How science works
I'm often asked by my mystified family members "What do you really do? How does one actually work at science?" I can try to give you a view from the inside, but if I do it is also going to be one person's view. I work in theoretical physics. It has been decades since I handled electronic hardware. I've never handled animals in the lab after leaving high school. The last time I worked with chemicals and glassware in a chemistry lab was halfway through my bachelor's degree. I extract small signals from gigabytes of data, not petabytes, as high energy physics experiments will soon do. My tools of the trade are computers which compute at tens of teraflops, and hopefully, soon at petaflops. It would be useless to enumerate my experiences unless my methods have validity in a circle beyond my immediate colleagues. I believe they do. This is why I'm trying to set it down.
The most important thing I do is to talk with others, read what they write, write down my thoughts as clearly as I can for them. Large parts of my day are spent communicating. Some of my friends and family are bemused by the amount of time I spend in a cafetaria drinking coffee and chatting. Others, the engineers who have morphed into managers, have an idea how vital this part of my day could be.

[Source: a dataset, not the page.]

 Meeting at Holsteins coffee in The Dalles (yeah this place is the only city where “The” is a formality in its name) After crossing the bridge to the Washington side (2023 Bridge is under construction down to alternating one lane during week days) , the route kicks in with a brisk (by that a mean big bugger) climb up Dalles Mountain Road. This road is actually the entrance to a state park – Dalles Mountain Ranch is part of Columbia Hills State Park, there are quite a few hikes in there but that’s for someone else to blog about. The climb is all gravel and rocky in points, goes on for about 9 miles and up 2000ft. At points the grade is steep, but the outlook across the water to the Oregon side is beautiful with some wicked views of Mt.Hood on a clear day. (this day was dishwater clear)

The main method of science is to criticize ideas and test them to failure. This is why reading, writing and talking is important. When I have an idea I first check whether it is obviously false. If it is not then I invest more time on it and explore it a bit. Often at this second stage I find something wrong, and I have to modify the original idea. After rounds of checking and modification, I find that the thing I was working on actually leads to roughly where I thought I wanted to go. Somewhere around this time I may begin to talk to some of my colleagues.

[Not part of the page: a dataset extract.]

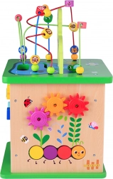 Motorni labirint z biserčki, vstavljanje oblik (sorter), zobniki, vrtljivi elementi in premične steze z živalmi ohranjajo otroke dolgo v ustvarjalni igri in učenju.
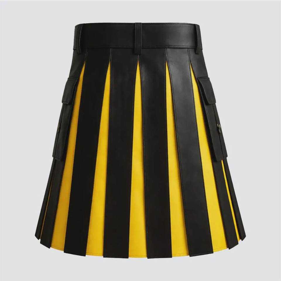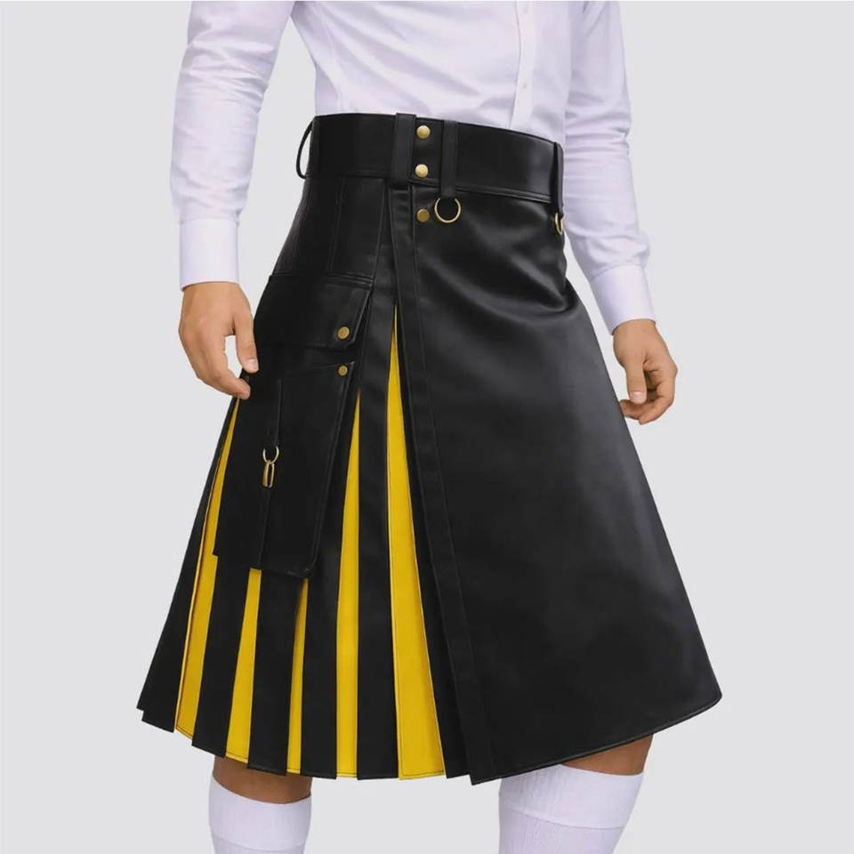 Black & Yellow Cow Leather Hybrid Kilt for Men Box Pleated Utility Kilt with Cargo Pockets

Usually the first colleagues I talk to are those who are in the best position to tell me that I am wrong. Talking is not always face to face: I use email, and, more and more often, skype (the importance of cheap communications to science is beyond measure). I do this, because I don't want to spend a lot of my life working on things which lead nowhere. If the work passes that test, I often give a semi-formal seminar to a larger set of colleagues. At this point, sometimes, new connections come up that require a closer look.
A large part of my lonely personal and unsocial work consists of following through a mathematical computation and transcribing parts of this to a computer program which would run for several months to years. The checking of computer programs is an academic speciality in itself.
The next step in the development of the work is to write up the paper and make it available to the world through the arxiv. This has two uses. One is that it established priority: the arxiv keeps track of when your paper was submitted. The other is to open up the paper to every person in the world who is interested in my subject. At this point I usually wait for a few days for comments to trickle in.
After a few days I submit my paper to a journal for peer review. This is often the tensest part of the lifecycle of every paper. Peer reviewing is anonymous. Reviews may reject a paper as being wrong, or worse, inconsequential. When a paper has passed that stage, it becomes part of canon. Its importance is after that judged by how useful it is: how many other ideas it has sparked.